Speaking of Jewish socialists: on this day in 1882, Rose Schneiderman was born in Savin, Poland. After her family immigrated to the United States, her education was interrupted by her family’s poverty. When the more “respectable” job of salesgirl didn’t make enough, she turned to the factories. After successfully organizing her fellow workers into the United Cloth and Cap Makers, she became the first woman elected union official. She helped lead the great shirtwaist strike of 1909-1910, led New York Women’s Trade Union League, ran for Senate on the Labor Party ticket, worked on labor legislation with the FDR administration, and resettle Jews fleeing Nazi Germany.

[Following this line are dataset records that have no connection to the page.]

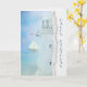 white lighthouse and sailboat on ocean water in watercolor painting with torn edge border for general birthday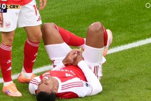 比賽第68分鐘,加布里埃爾爭頂后襠部直直撞向立柱。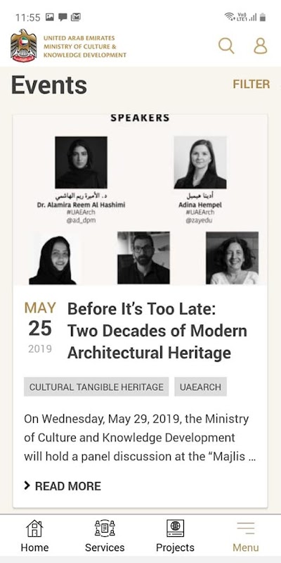 برنامه تلفن همراه وزارت فرهنگ و جوانان در امارات متحده عربی خدمات متنوعی را ارائه می دهد که به نفع شهروندان و ساکنان این ایالت است و به همراهی راهپیمایی پیشرفت فرهنگی و دانش کمک می کند.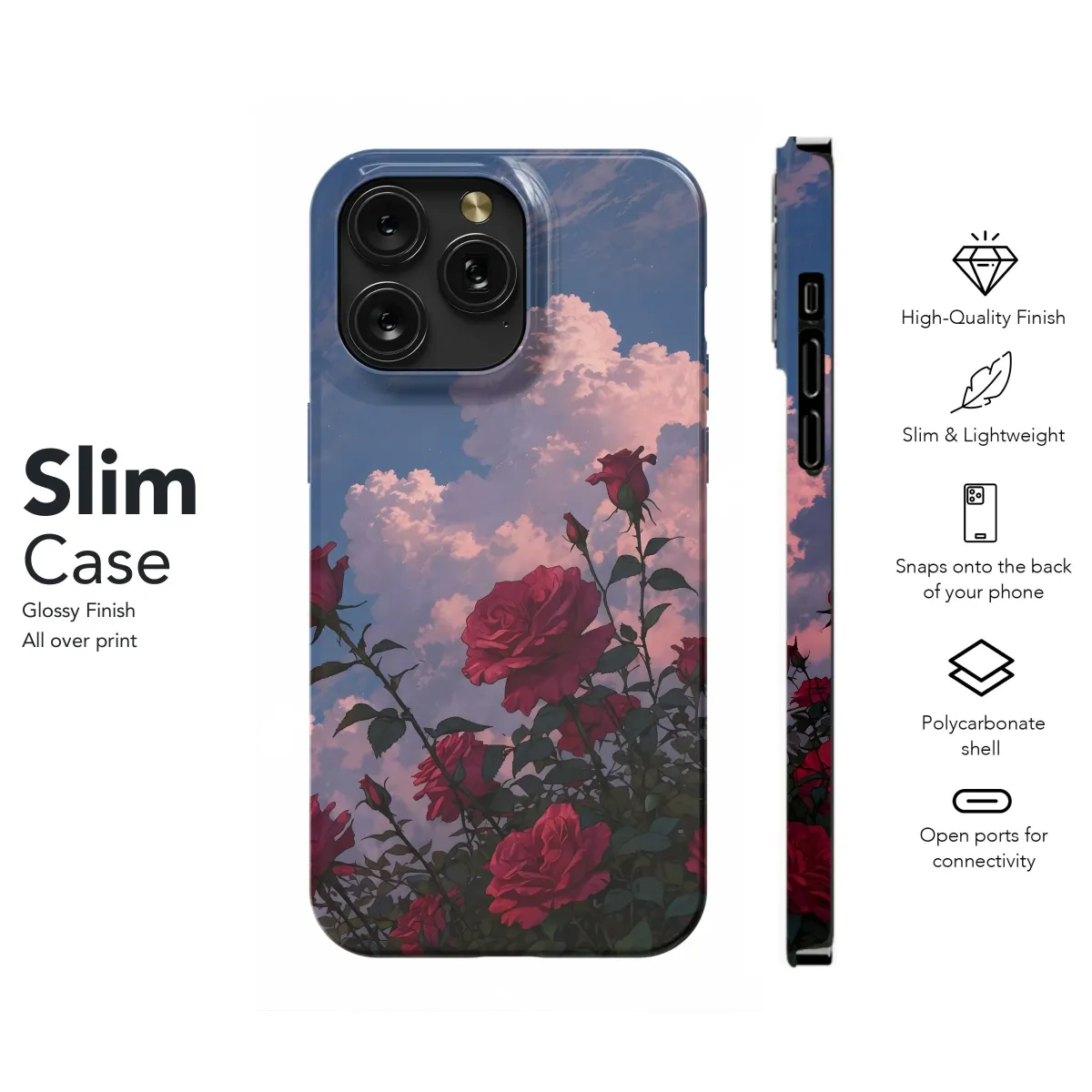 Elevate your everyday carry with this enchanting floral design. Imagine a twilight garden captured on a sleek accessory, featuring vibrant red roses reaching towards a dreamy sky. Billowing, blush-toned clouds drift beneath a luminous crescent moon, creating a captivating scene of serenity and beauty. The design is perfect for those who love nature-inspired aesthetics, romantic themes, and a touch of fantasy. This art print will make your device stand out with unique artwork, protecting it from daily wear and tear while showcasing your individual style. Perfect for rose lovers, moon gazers, and anyone seeking a touch of ethereal charm. This botanical garden themed artwork will be an ideal gift for her. Let this dreamy illustration be a daily reminder of beauty and tranquility. Discover a captivating piece with a touch of aesthetic, celestial charm, and floral elegance.

Notably, while some radicals, like Emma Goldman, were famously dismissive of the vote, Schneiderman was a leader of the Wage Earners Suffrage League. In 1912, she responded to a New York politician fretting about how the vote would ruin women’s feminine nature:
We have women working in the foundries, stripped to the waist, if you please, because of the heat. Yet the Senator says nothing about these women losing their charm. . . Of course you know the reason they are employed in the foundries is that they are cheaper and worker longer hours than men. . . Surely these women won’t lose any more of their beauty and charm by putting a ballot in a ballot box once a year than they are likely lose standing in foundries and laundries all year round. There is no harder contest than the contest for bread, let me tell you that.